Full of the flu and feeling very intolerant of the babbling noise and queue jumping by the chinese at Kathmandu airport for the flight to Chengdu, China.  Fortunately no spitting (yet anyway!)

Arrived Sunday 16th September at 4pm local time, the air is much cooler and it is raining.  

Chengdu is a modern busy city with plenty to do with many parks and temples.  

The roads are very wide (4 lanes in places) with lots of traffic and a separate lane for motorbikes, mopeds etc who seem to go wherever they want!  Umbrellas and waterproofs attached to the bikes didn't seem to deter the riders in the rain, on sunnier days parasols and fans are attached alongside with their shopping. No helmets used here.

Our home for the next 3 nights is at a hostel called Sims cozy garden hotel, previously set up by a couple who met up whilst backpacking, is most definitely where backpackers hangout but surprisingly the facilities are quite good and the shower has hot water!  
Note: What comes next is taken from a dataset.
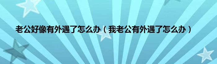 大家好,小问来为大家解答以上问题。老公好像有外遇了怎么办,我老公有外遇了怎么办这个很多人还不知道,现在让我们一起来看看吧!

Having run out of hard cash, time now to see if I could get my currency card to work!  Found a hole in the wall and put my hands through some bars and success, Yuan!  Good I can get dinner, first night we ate in a restaurant full of Chinese people, menu was in chinese and ordering involved pointing at what was on some of the tables, other than duck, auberinge and chillies oh and rice I couldn't tell you want I ate but it was spicy but what else should I expect in Sichuan province?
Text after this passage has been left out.